CLINICAL CASES OF LIVING DIAGNOSIS OF RHEUMATOID MENINGITIS WITH HISTOLOGICAL VERIFICATION

Golovach I.Yu.1, Yehudina Ye.D.2

Summary. Rheumatoid arthritis (RA) is a chro­nic disease, the etiology of which has yet to be clari­fied, which causes activation of proinflammatory pathways that bring about joint and systemic inflammation. If abnormalities of the peripheral nervous system are observed fairly widely in RA, the central nervous system (CNS) lesion is uncommon in such patients. The involvement of the central nervous system, as a rule, develops in patients who had a long-term history of RA, irrespective of the disease activity of systemic arthritis, and it has a high mortality rate despite treatment. Since clinical symptoms and radiologic signs are rather nonspecific, in short of doing biopsy, the diagnosis of rheumatoid meningitis (RM) is one of exclusion. However, the strongly positive rheumatoid factor in the cerebrospinal fluid is quite specific.

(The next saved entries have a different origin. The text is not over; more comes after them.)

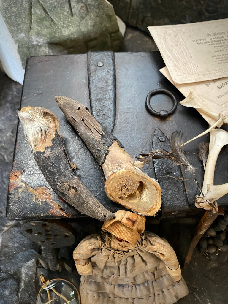 There are some bones which appear to be from a bird, with remnants of feathers still attached. Bones, especially of birds, were often kept as charms. In European folk magic, bones were seen as protective or as links to the spiritual realm.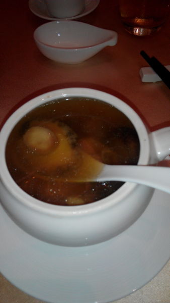 第二道上桌是一盅熱湯品「蛹蟲草紅棗燉鮑魚」,一顆完整的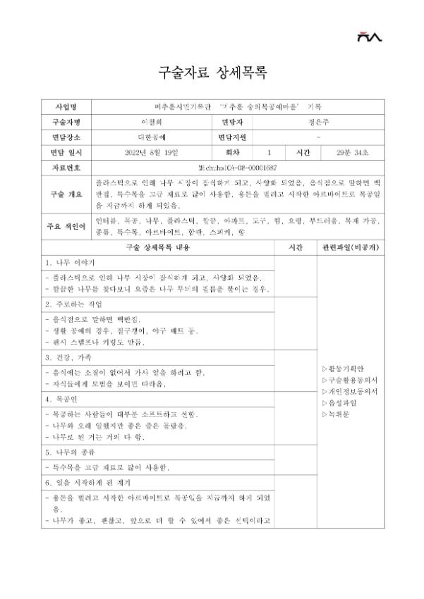 나무가 생활 가구로서 계속 접해져 있다가 시대가 변하고 발전되다 보니까 이제 플라스틱이 들어왔어요. 플라스틱이 지금은 많이 사용되지만, 당시에 공예품이라는 게 전부 다 나무로 만들어졌다가 플라스틱이 들어왔는데 그게 나무 시장을 잠식을 한 거예요. 그러다 보니까 나무 시장이 사양화 되기도 했고요.시대가 이제 좀 흐르다 보니까 나무라는 개념을 어린애들은 잘 모르는 거예요. 요즘에 다시 나무라는 것을 젊으신 분들이 나무가 좋다는 것을 간접적으로 아시고 온라인을 통해서 나무라는 게 이런 거구나 간접적으로 접하다 보니까 나무를 점점 알게 되는데 나무가 플라스틱 비슷한 줄 알아요. 사람들은 나무가 깨끗해야만 되는 줄 아는데 나무는 이렇게 보면 옹이도 있고 광솔이라고 그러죠. 광솔도 있고 그래요. 소비자분들이 깔끔한 것만 찾으니까 소비자에게 맞춰줘야 돈을 버는데 나는 나무 외에는 안 할 거야 이렇게 고집만 세우다가는 경제적으로 힘들어지지. 돈도 벌어서 자식들도 가르치고 해야 되는데. 소비자분들이 깔끔한 것만 찾으니까 업자들은 그냥 깔끔하게 가자 그러다 보니까 그에 맞는 나무를 만들게 된 거예요. 이렇게 압축을 해가지고 나무처럼 깔끔하게 만들어가지고 거기에 나무 무늬를 붙인 거예요. 아파트가 들어오면서 나무라는 게 점점 설 자리가 없는 거죠.

Two cli­nical observations of RM with a rather different clinical symptom are presented. Described differential diagnosis of central nervous system involvement in RA with the main diagnostic procedures, an asses­sment of the effectiveness of treatment in both ca­ses. Physicians should be very careful in the pre­sence of encephalopathy symptoms, headache, seizures or focal neurological deficits in RA patients should raise suspicion for CNS involvement with the prescription of appropriate investigations, because this potential complication requires rapid diagnosis and specific treatment. This potentially treatable disease warrants prompt diagnosis and specific treatment.